The SDK exposes metrics for operation durations, broken down into p50, p90, p99, p99.9, and p100 percentiles, reported per service and per operation type.

SDK metrics are reported via a tracing event on the couchbase::metrics target, which can be consumed by any compatible tracing_subscriber::Layer. The SDK ships the LoggingMeter layer which periodically logs them as JSON into the application’s tracing output.

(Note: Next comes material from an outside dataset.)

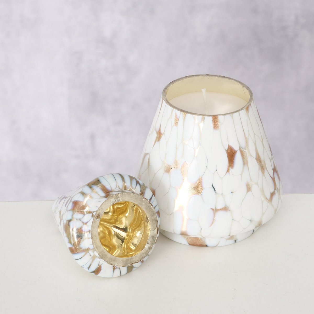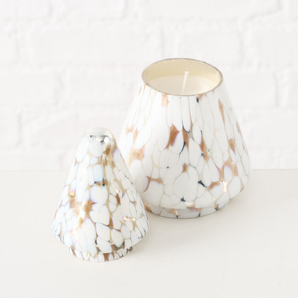 Candle pot Dotti , Christmas tree, H 17,5 cm, D 10 cm, Glass lacquered, Paraffin mixed materials colour-mix
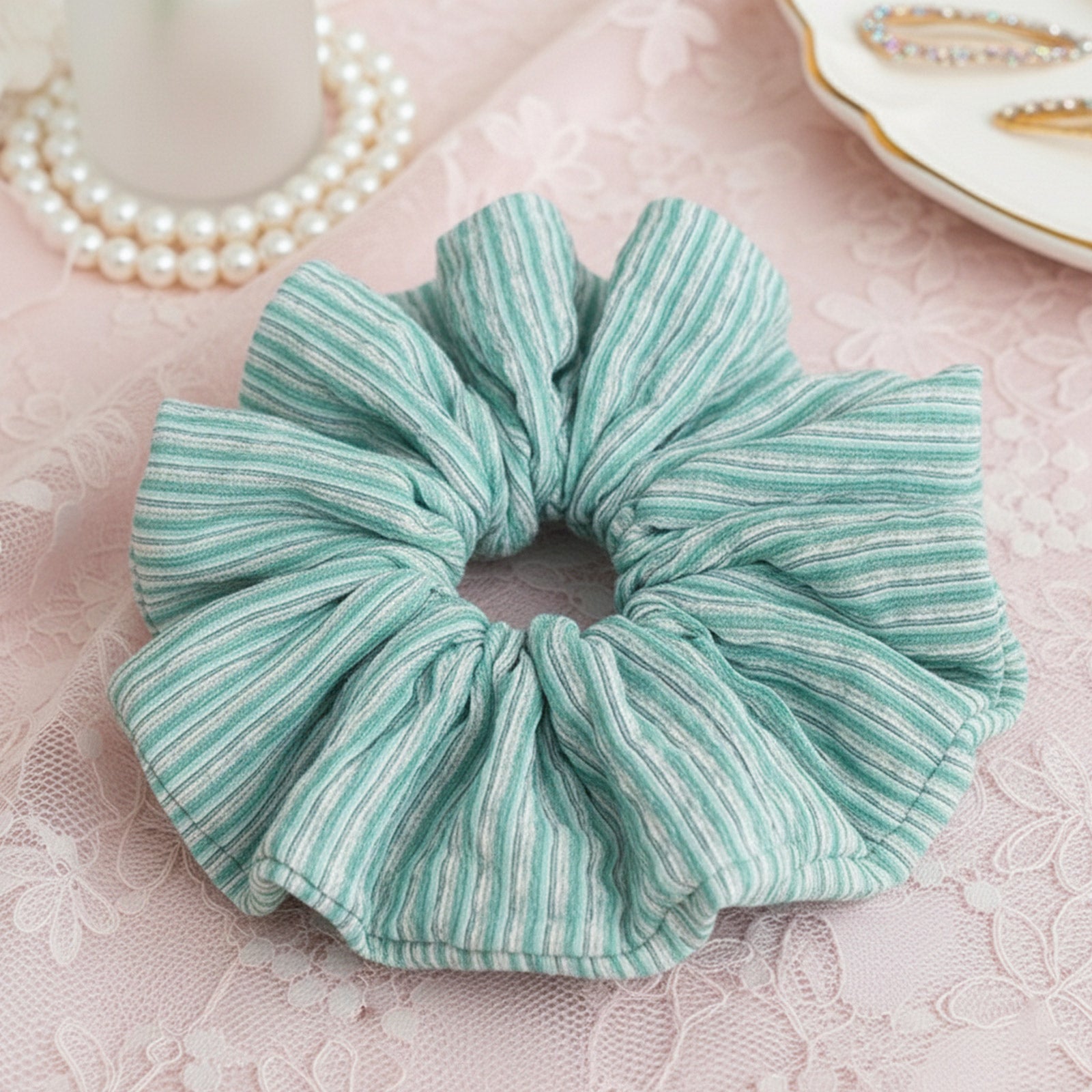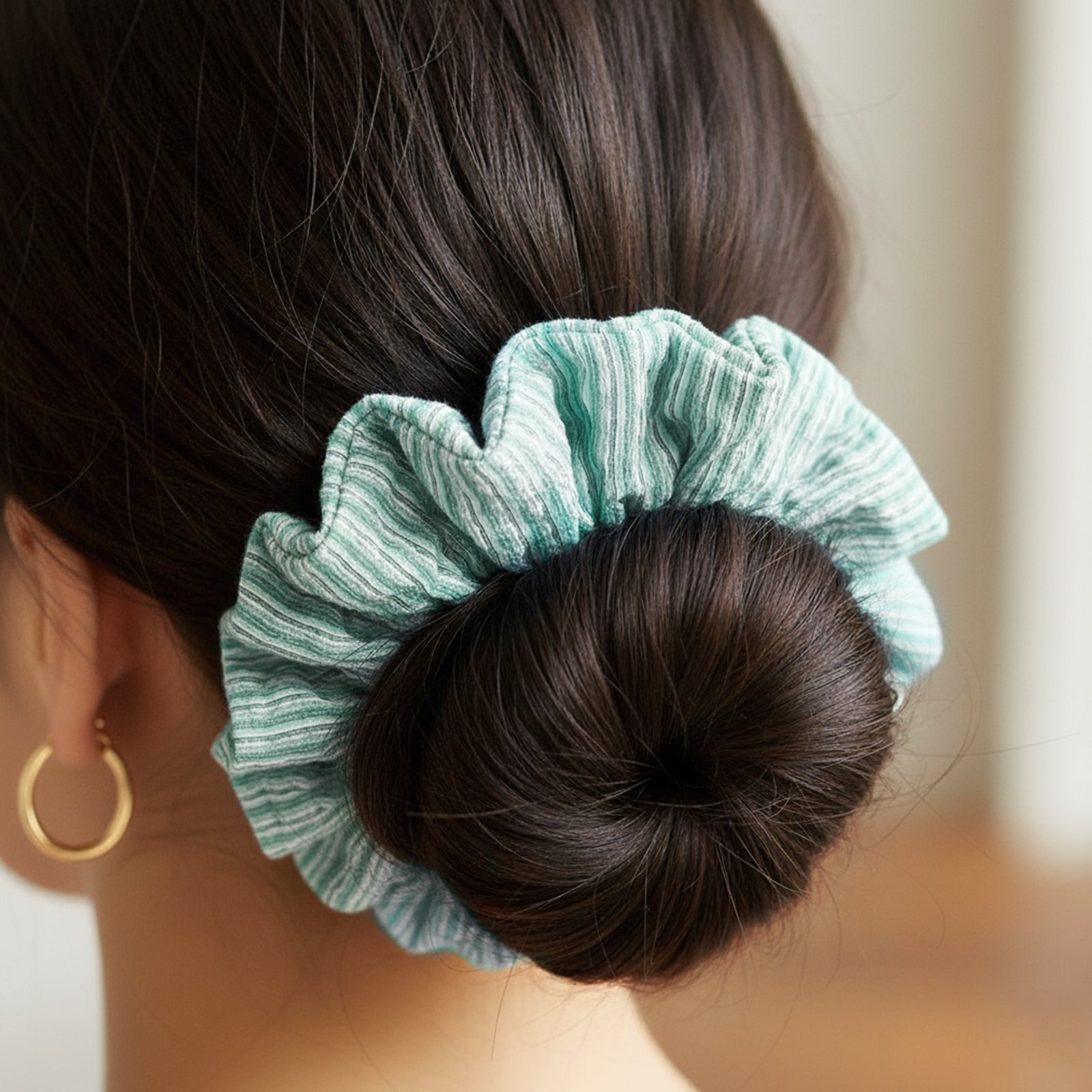 Le chouchou XXL Ally apporte une note de fraîcheur avec sa mousseline fluide et son vert menthe délicat. Léger et souple, il donne du volume sans alourdir, pour une coiffure à la fois simple et pleine de charme.

Both LoggingMeter and ThresholdLoggingTracer (see Request Tracing) are layers that can be composed on a single tracing Subscriber, alongside any other layers such as tracing_subscriber::fmt::layer().

The LoggingMeter

LoggingMeter is a tracing_subscriber::Layer that collects per-operation latency histograms and emits a JSON report on a configurable interval. If no other meters are enabled then it is strongly advised that you enable this by default to aid with debugging, along with the ThresholdLoggingTracer

Set up your Cargo.toml dependencies:

[dependencies]
tracing = "0.1"
tracing-subscriber = { version = "0.3", features = ["fmt"] }

The simplest setup registers LoggingMeter together with an fmt layer for general log output. This must be called within a Tokio runtime:

#[tokio::main]
async fn main() {
    use std::time::Duration;
    use couchbase::logging_meter::{LoggingMeter, LoggingMeterOptions};
    use tracing_subscriber::layer::SubscriberExt;

    let meter = LoggingMeter::new(Some(
        LoggingMeterOptions::new().emit_interval(Duration::from_secs(300)),
    ));
    let subscriber = tracing_subscriber::registry()
        .with(meter)
        .with(tracing_subscriber::fmt::layer()); // Add any other layers you want, e.g. fmt for logging, ThresholdLoggingTracer, etc.

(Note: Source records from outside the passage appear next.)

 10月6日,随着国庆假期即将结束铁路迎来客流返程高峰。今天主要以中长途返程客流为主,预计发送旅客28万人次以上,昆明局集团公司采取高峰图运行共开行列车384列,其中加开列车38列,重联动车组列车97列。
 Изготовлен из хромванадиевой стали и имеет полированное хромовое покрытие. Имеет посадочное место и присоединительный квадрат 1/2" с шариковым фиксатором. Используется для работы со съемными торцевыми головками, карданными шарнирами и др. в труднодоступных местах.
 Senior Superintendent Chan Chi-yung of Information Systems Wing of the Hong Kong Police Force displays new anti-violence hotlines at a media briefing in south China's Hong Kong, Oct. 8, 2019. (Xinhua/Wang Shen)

    tracing::subscriber::set_global_default(subscriber)
        .expect("Failed to set global tracing subscriber");
    // ...
}

Once registered, the LoggingMeter will emit the collected request statistics every interval.

A possible report looks like this (prettified for readability):

{
   "meta": {
      "emit_interval_s": 600
   },
   "operations": {
      "query": {
         "query": {
            "total_count": 9411,
            "percentiles_us": {
               "50.0": 544,
               "90.0": 905,
               "99.0": 1589,
               "99.9": 4095,
               "100.0": 100663
            }
         }
      },
      "kv": {
         "get": {
            "total_count": 9414,
            "percentiles_us": {
               "50.0": 155,
               "90.0": 274,
               "99.0": 544,
               "99.9": 1867,
               "100.0": 574619
            }
         },
         "upsert": {
            "total_count": 2100,
            "percentiles_us": {
               "50.0": 120,
               "90.0": 210,
               "99.0": 480,
               "99.9": 1200,
               "100.0": 48000
            }
         }
      }
   }
}

Each report contains one object for each service that got used.

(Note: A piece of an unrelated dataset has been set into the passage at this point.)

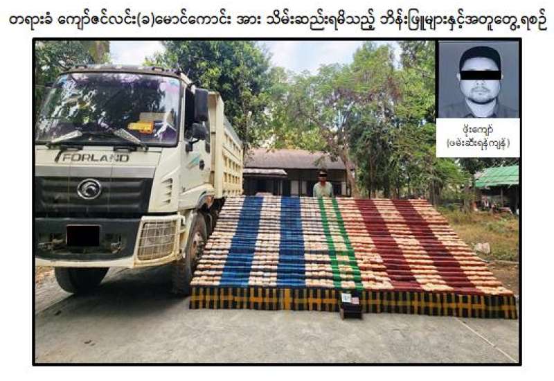 မူးယစ်ဆေးဝါးတားဆီးနှိမ်နင်းရေးရဲတပ်ဖွဲ့မှ တပ်ဖွဲ့ဝင်များပါဝင်သော ပူးပေါင်းအဖွဲ့သည် ဇန်နဝါရီ ၃ ရက် ညနေ ၅ နာရီခွဲက ကလေးဝမြို့နယ်၊ ကလေးဝ-မော်လိုက်သွားကားလမ်း၊ နန်းမော်ကယ်ကျေးရွာအနီးတွင် မော်လိုက်မြို့နယ်၊ နန်းခမ်းပါတ်သစ်တောကြိုးဝိုင်း၊ ပျဉ်းစိုက်ခင်းနေ ကျော်ဇင်လင်း (ခ) မောင်ကောင်း (၂၆) နှစ် မောင်းနှင်လာသော TNI-4 2N-Xxxx FORLAND မော်တော်ယာဉ်အား သတင်းအရ ရပ်တန့်စစ်ဆေးရှာဖွေရာ ယာဉ်ပေါ်မှ ဘိန်းဖြူ ၃၈ ဒသမ ၅ ကီလို (၎င်းဒေသ တန်ဖိုးငွေကျပ် ၁ ဒသမ ၉၂၅ ဘီလီယံ) အား ဖမ်းဆီးရမိခဲ့ပါသည်။

For each operation, a total amount of recorded requests is reported, as well as percentiles from a histogram in microseconds. The meta section on top contains information such as the emit interval in seconds so tooling can later calculate numbers like requests per second.

The LoggingMeter can be configured on the environment as shown above. The following table shows the currently available properties:

Table 1. LoggingMeterOptions Properties
Property	Default	Description
`emit_interval`	600 seconds	How often the meter will emit the collected metrics report.

OpenTelemetry Integration

The Rust tracing ecosystem integrates with OpenTelemetry via the tracing-opentelemetry crate, OpenTelemetry metrics are supported with the SDK via the MetricsLayer which bridges SDK metrics to any OpenTelemetry-compatible backend (Prometheus, Grafana, Datadog, etc.).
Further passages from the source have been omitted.